A first-party cookie on a website is a small file written to the user of the browser’s computer that the brand’s web server can access for collection and reading. No other service can access that cookie or its data.
- How is Zero-Party Data Collected? Enter the DXP, or Digital eXperience Platform. Using the example above where data is collected using the visitor’s behavior, a DXP turns this around and provides a user experience (UX) with an explicit self-guided experience where they are prompted for information to better personalize their experience. The zero-party data collected is in real-time, the response is in real-time, and the results are a transparent exchange of information between the visitor and the brand to help guide their purchase.
The Zero-Party data collected by the digital experience is unlike first-party data which is utilized to infer a visitor’s intent rather than explicitly enabling them to provide it. Digital Experience Platforms collect all the information in real-time and ask the visitor to identify themselves in exchange for the solution they’re seeking.

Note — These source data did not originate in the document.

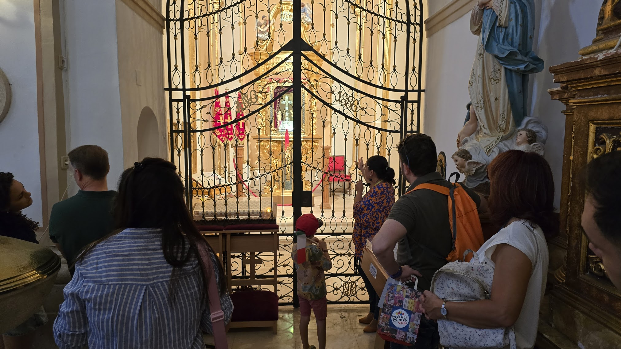 Tras pasar de nuevo frente a la fachada del Ayuntamiento, donde se comentó su origen y funciones, se pasó a la plaza del paje, donde explicó a los personajes de la romería, como lo son los capitanes, tenientes, sargentos, los pajes y los tiradores, en general. Tras visitar el lavadero y relatar la importancia que tuvo para la higiene de los abanilleros cuando aún no había lavadoras, así como el hecho de que aún se mantenga activo y abierto para los visitantes, pese a no ser tan utilizado realmente, los visitantes volvieron sobre sus pasos para acceder a la parroquia de san José, donde pudieron conocer más de cerca la fachada, el retablo, algunos de las imágenes, así como también vieron a la patrona de Abanilla, la Stma. Cruz. Al término de la visita, Roberto Petriaggi hizo entrega a Mª Ángeles de un regalo en nombre de la asociación, en agradecimiento por el detalle de realizar esta visita.
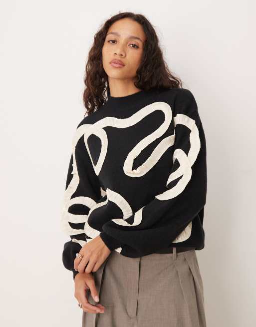Lovedrobe Satin squiggle applique jumper in black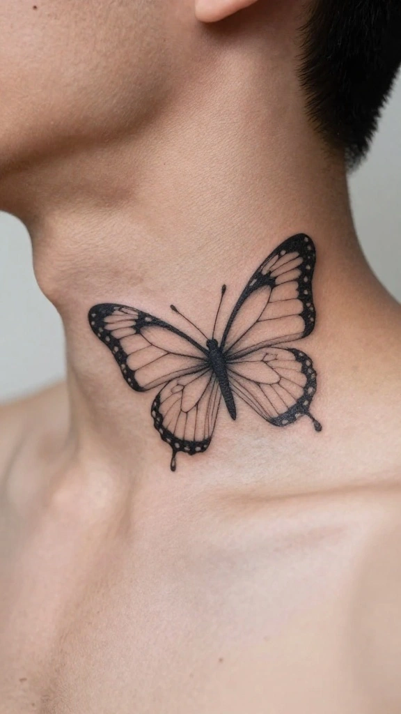 A small butterfly tattoo can be placed anywhere on the neck, often capturing attention while feeling personal. The clean lines emphasize transformation, making it a meaningful choice for personal growth.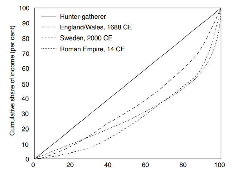 Los agoreros del progreso tienden a focalizarse única y exclusivamente en el problema de la desigualdad, cuando esta es, simple y llanamente, la superación de la pauperización de la gran mayoría de personas. Puede haber desigualdad económica en tanto en cuanto haya una generación de riqueza. Como se muestra en la Figura 2, a través del cálculo de la distribución del coeficiente de Gini, la muestra engloba desde las sociedades del 10000 aC hasta el presente.
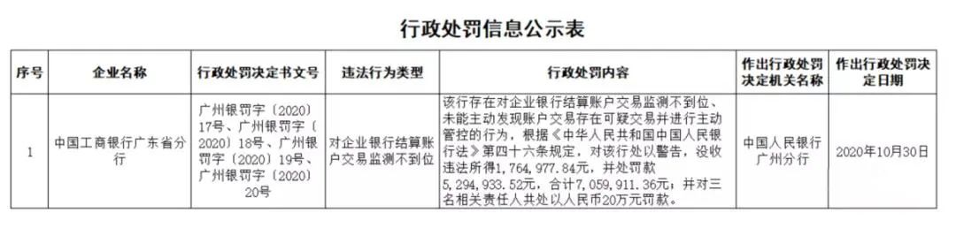 近期,为更好配合广东省公安厅打击治理电信网络诈骗,人民银行广州分行成立了专项工作组,根据公安机关移交的“涉案”账户,对相关银行、支付机构及其责任人开展倒查,对内部管理混乱、账户管理薄弱的机构采取通报、约谈责任人、现场检查等措施,并对违规行为情节严重的依法依规进行行政处罚。其中,中国工商银行广东省分行因存在“对企业银行结算账户交易监测不到位,未按规定发现账户交易存在可疑交易并进行主动管控”等问题,被处以警告并罚款及没收违法所得合计人民币7,059,911.36元,三名相关责任人被警告并处以罚款合计人民币20万元。同时,中国工商银行广州市分行9个网点被暂停办理企业银行结算账户开立业务6个月,并限期整改。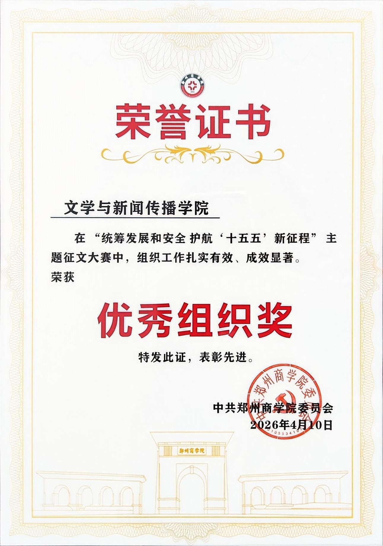 本次大赛是深入学习贯彻党的二十届四中全会精神、践行总体国家安全观的重要平台,自赛事启动以来,学院党委高度重视、精心组织,参赛师生紧扣主题深耕创作,将理论学习与实践感悟深度融合,整体组织工作扎实有效、成效显著,学院荣获“优秀组织奖”。

The advantages to the brand are many:
- Transparency – the brand is transparent in what data is collected, how it’s collected, and how it’s being used.
- Real-time – the data is directly provided in real-time by the visitor, so the accuracy and age of the data are not in question.
- Experience – personalization, and segmentation do not require anything other than the visitor’s interaction, so engagement is extremely high.
- Cookieless – there’s no need to store and access data, which browsers and applications are reducing access to with increased privacy controls.
Examples of Zero-Party Data
A leader in the DXP industry is Jebbit and they have a ton of case studies on how their platform impacts results. Here are a few:
DXPs enable marketers, without code, to build complex digital experiences using zero-party data from questionnaires, quizzes, surveys, polls, and guided solutions.
What Is Second-Party Data
Second-party data (2P) is data acquired from a partner that collected that information directly. An example may be that you sponsor an industry conference and, as part of that sponsorship, you have access to attendee data that is collected by the company that distributed or sold the tickets to the event.
What Is Third-Party Data?
Third-party data (3P) is data acquired, typically via purchase, from a company that aggregates data from multiple sources and that typically merges, deduplicates, and validates the information. A great example of this is Zoominfo in the B2B space. Zoominfo is ideal for sales and marketing departments to enrich their first-party data and use to improve targeting.
A third-party cookie on a website is a small file written to the user of the browser’s computer that the third-party’s web server can access for collection and reading. The brand’s web server can not access the cookie or its data. A third-party cookie is typically placed via a third-party script that runs within the page but on the client’s browser. An example of a third-party cookie is a Google Analytics cookie… where a script that’s embedded in a hidden pixel provides access to Google Analytics to access the cookie, store data, and pass it back to the analytics platform.
Your Data Collection Strategy
As platforms respond to the demands of consumers, there’s little doubt they will continue to enhance the controls that people have over the data that’s collected, shared, and utilized for sales and marketing efforts. If your business is dependent on third-party data, you will want to incorporate other strategies to enhance your lead or customer profiles:
- Incorporate a digital experience platform for visitors to provide zero-party data.
- Incorporate trickle style questions throughout your personalized communications so you don’t overwhelm your subscribers with large forms but collect one piece of data at a time over multiple communications.
- Increase your second-party data sources, working with brands that don’t compete with yours but reach the same audiences.
- Reduce your dependency on third-party cookies as they’re likely going to be more inaccurate and less effective as platforms increase privacy controls.
Disclosure: My agency is a Jebbit partner and we help implement digital experience platforms with integrations to Salesforce’s CRM, sales, and marketing automation platforms.